SEP 03, 2015

About the Microbiome

WRITTEN BY: Ilene Schneider
The thousands of different bacteria living in our intestinal tract – our microbiome – have a major impact on our health, but the details are still unclear. A Weizmann Institute study that recently appeared in Science suggests approaching this topic by assessing how quickly the bacteria grow.
 
The methodology is revealing interesting relationships between bacterial growth rates and conditions such as type 2 diabetes and inflammatory bowel disease. The new computational approach can shed light on a dynamic process such as growth from a static “snapshot” of a single sample, and it may could have implications for both diagnostics and new avenues of research.
 
Tal Korem and David Zeevi, research students in the lab of Prof. Eran Segal of the Department of Computer Science and Applied Mathematics at the Weizmann Institute, directed the research, with collaborators Jotham Suez, a research student in Dr. Eran Elinav’s lab in the Department of Immunology, and Dr.
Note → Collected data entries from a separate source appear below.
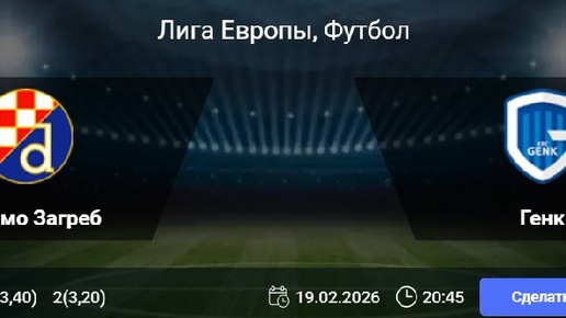 Бельгийский «Генк» выдал мощный выездной матч против «Динамо» Загреб и сделал серьёзную заявку на выход в 1/8 финала Лиги Европы. Команда Ники Хайена уверенно реализовала свои моменты и победила со счётом 3:1. С первых минут гости выглядели организованно и агрессивно в атаке. Уже на 15-й минуте после подачи углового Брайан Хейнен выиграл верховую борьбу и отправил мяч в правый угол — 0:1. Через несколько минут «Генк» удвоил преимущество. На 21-й минуте Закария Эль Уахди оказался самым расторопным в штрафной и точно пробил по центру ворот — 0:2...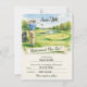 Announce an upcoming celebration on the green with this stylish Golf Retirement Party Save the Date Card featuring a beautiful watercolor illustration of a golfer swinging on a scenic golf course. The fresh green fairway, red flag on the putting green, and relaxed country club atmosphere create the perfect theme for a retirement celebration dedicated to the love of golf.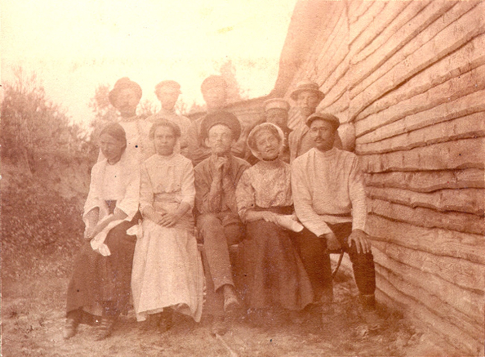 Наталия Павловна Дурдина с матерью и неизвестными женщинами у лестницы перед домом

Adina Weinberger, a research associate in Prof. Segal’s lab.
 
The researchers started with the advanced genomic sequencing techniques used in many microbiome studies, which sequence all of the bacterial DNA in a sample. From the short sequences, researchers develop a picture of the types of bacteria and their relative abundance, but the Weizmann Institute group realized that this sequencing technique offered another type of information.
 
According to Prof. Segal, “The sample’s bacteria are doing what bacteria do best: making copies of their genomes so they can divide. Most of the bacterial cells contain more than one genome – a genome and a half, for example, or a genome and three quarters.”
 
Because most bacterial strains have pre-programmed “start” and “finish” codes, the team could identify the “start” point as the short sequence that was most prevalent in the sample. They found that the least prevalent, at the other end of the genome, was the DNA that gets copied last and that analyzing the relative amounts of starting DNA and ending DNA could be translated into the growth rate for each strain of bacteria. The researchers tested this concept experimentally, first in single-strain cultures for which the growth rate could be controlled and observed, then in multiple animal model systems, and finally in the DNA sequences of human microbiomes, in their full complexity.
 
They said that their method worked even better than they expected: Estimated bacterial growth rates were nearly identical to observed growth rates. According to Dr. Elinav, “Now we can finally say something about how the dynamics of our microbiome are associated with a propensity to disease. Microbial growth rate reveals things about our health that cannot be seen with any other analysis method.”
 
For example, in the examination of human microbiome data, the researchers determined that particular changes in bacterial growth rates are uniquely associated with type 2 diabetes, while other ones are tied to inflammatory bowel disease. Because these associations were not observed in the static microbiome “population” studies, the method could be used in the future as a diagnostic tool for early detection of disease or pathogen infection, or to determine the effects of probiotic or antibiotic treatment. In addition, the scientists hope this new understanding of the microbiome will spur further research into the connections between the complex, dynamic ecosystem inside of humans and human health.